As shown in FIG. 8 , it can be seen that the reflected light in directions other than the normal direction decreases as the diagonal gap increases. If the microlens is too small relative to the color filter area, the amount of light guided to the photoelectric conversion element is reduced, resulting in a decrease in sensitivity. According to the research of the inventors, it can be known that if the diagonal gap is greater than or equal to the corresponding color filter area If the length of one side is 15% and less than or equal to 25%, there will be almost no impact on performance such as sensitivity, and the reflected light in directions other than the normal direction can be reduced.

Furthermore, according to the research of the inventors, it has been confirmed that the thickness of the microlens also affects petal flare. That is, the petal flare can be further suppressed by adjusting the thickness of the microlens as follows while setting the diagonal gap within a predetermined range.

FIG. 9 is a simulation result of studying the relationship between the thickness of the microlens and the amount of reflected light in directions other than the normal direction. Various conditions such as the size of the color filter region were set to be the same as those in the simulation related to FIG. 8 .

As shown in FIG. 9 , it can be seen that the reflected light in directions other than the normal direction decreases as the thickness of the microlens increases. According to the inventor's research, if the thickness is greater than or equal to 50% and less than or equal to 65% of the length of one side of the corresponding color filter area, it will hardly affect performance such as sensitivity, so that the normal line can be reduced. Reflected light in directions other than . And, if the thickness of the microlens is in the range of greater than or equal to 50% and less than or equal to 54% of the length of one side of the color filter region, the improvement of the light-gathering efficiency of the microlens and the addition method can be taken into account at a higher level. It can be said that this method is more preferable because the reflected light in directions other than the line direction is reduced.

In FIGS. 8 and 9 , "Sum" means the sum of all diffracted lights, and "Max" means the most strongly diffracted light among all the diffracted lights. Both will affect the petal flare, but in order to suppress the petal flare, it is more effective to suppress the value of Max.

(third embodiment)

A solid-state imaging device according to a third embodiment will be described with reference to FIG. 10 .

The solid-state imaging device according to the third embodiment differs from the first embodiment in that an auxiliary lens is not used. In the description of the third embodiment, the same reference numerals are assigned to the same members as those of the first embodiment, and the description thereof will be omitted or simplified.

The inventors have conducted various studies on methods of reducing flower petal flare. As a result, it was found that it is effective to reduce the area where the microlenses are arranged in plan view of the microlens unit.
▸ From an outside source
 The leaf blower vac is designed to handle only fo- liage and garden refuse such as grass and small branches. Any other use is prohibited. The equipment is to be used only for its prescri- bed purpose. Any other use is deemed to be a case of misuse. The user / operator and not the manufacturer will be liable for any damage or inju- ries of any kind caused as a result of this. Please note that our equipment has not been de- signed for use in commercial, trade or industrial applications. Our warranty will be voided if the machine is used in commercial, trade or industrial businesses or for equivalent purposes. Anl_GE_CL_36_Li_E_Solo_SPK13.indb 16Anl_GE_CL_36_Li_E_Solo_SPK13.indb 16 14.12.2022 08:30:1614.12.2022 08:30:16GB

When the plan view shape of the color filter is a square, the diameter of the microlens is set to be approximately the same as the diagonal of the square, and the microlens is arranged in the color filter region without gaps as shown in FIG. 2 . If the diameter of the microlens is reduced from this state, as shown in FIG. 3 , a gap region 23 (unfilled region) without the main lens 21 (microlens) occurs at the corner of the color filter region.
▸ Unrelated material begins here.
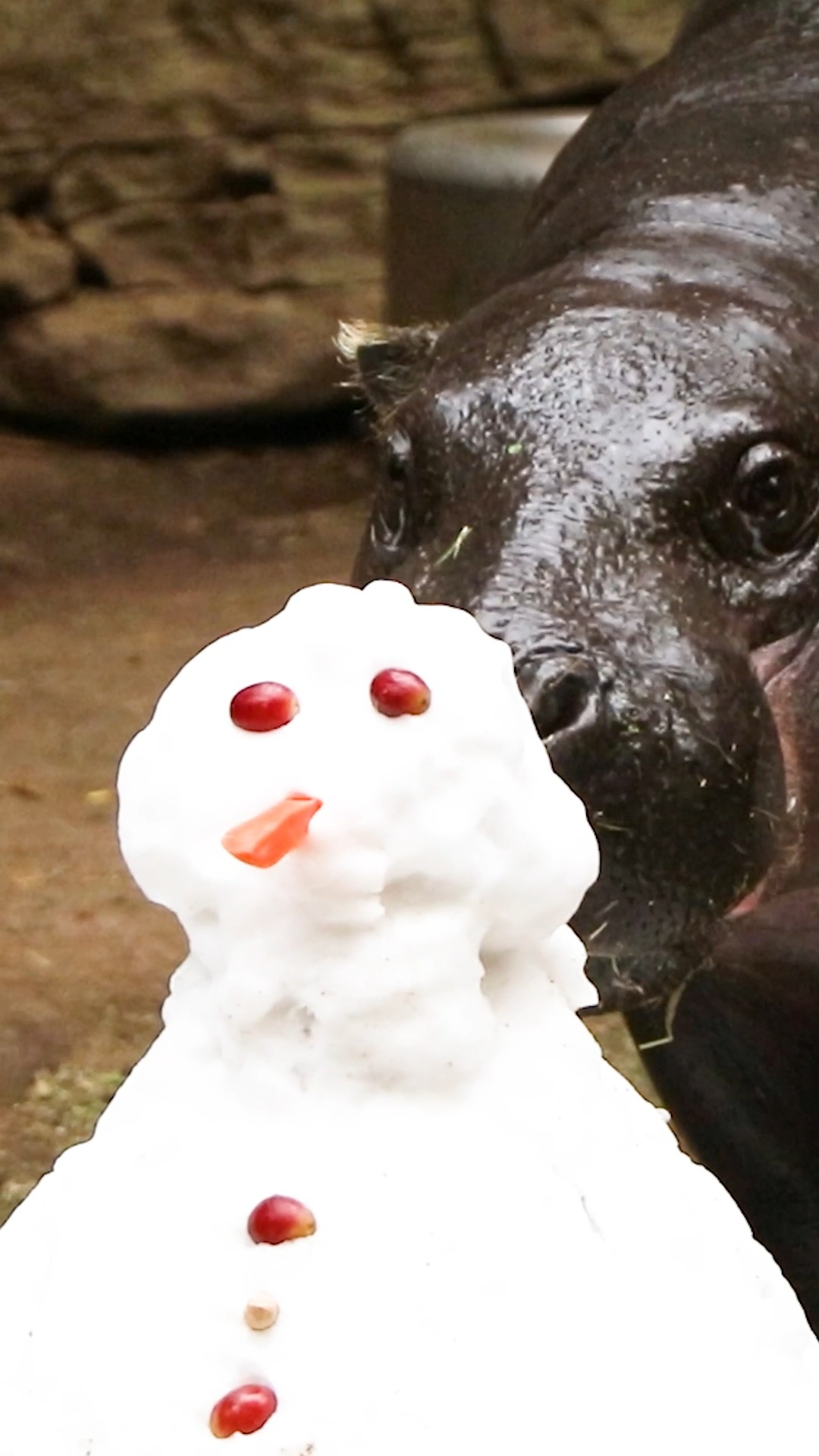 With plenty of snow still OUTSIDE, Keeper Natalie brought some snow INSIDE for Inocencio pygmy hippo. ⛄️ It took him a little while to “warm up” to his snowman.

FIG. 10 is a simulation result for examining the relationship between the ratio of the microlens occupation in the color filter region, that is, the filling factor, and the amount of reflected light in directions other than the normal direction. The color filter area is set as a square with a side of 1.1 μm.

For example, the filling rate can be obtained by the following equations (1) and (2), but it is not limited thereto, and can also be obtained by image processing (calculation of the number of pixels, etc.) of a top view image of the color filter region.

・The top-view observation area of the microlens/the top-view observation area of the color filter area×100(%)...(1)

·(The top-view observation area of the color filter area-the top-view observation area of the non-filled area)/the top-view observation area of the color filter area×100(%)...(2)

As shown in FIG. 10 , it can be seen that the reflected light in directions other than the normal direction decreases as the filling factor decreases. If the filling rate is too small relative to the color filter area, the amount of light guided to the photoelectric conversion element is reduced and the sensitivity is reduced. According to the research of the inventors, if the filling rate is greater than or equal to 90% and less than or equal to 95%, , there is almost no impact on performance such as sensitivity, so that reflected light in directions other than the normal direction can be reduced.

Furthermore, according to the research of the inventors, it has been confirmed that the thickness of the microlens also affects petal flare. That is, the petal flare can be further suppressed by adjusting the thickness of the microlens as follows while keeping the filling factor within a predetermined range.

FIG. 9 is a diagram described in the above-mentioned second embodiment, and shows a simulation result of studying the relationship between the thickness of the microlens and the amount of reflected light in directions other than the normal direction. Various conditions such as the size of the color filter region were set to be the same as those in the simulation related to FIG. 10 .

As shown in FIG. 9 , it can be seen that the reflected light in directions other than the normal direction decreases as the thickness of the microlens increases. According to the research of the inventors, if the thickness is less than or equal to 65% of the length of one side of the color filter region, there will be almost no impact on performance such as sensitivity, so that the reflected light in directions other than the normal direction can be reduced.

In FIGS. 9 and 10 , "Sum" means the sum of all diffracted lights, and "Max" means the most strongly diffracted light among all the diffracted lights. Both will affect the petal flare, but in order to suppress the petal flare, it is more effective to suppress the value of Max.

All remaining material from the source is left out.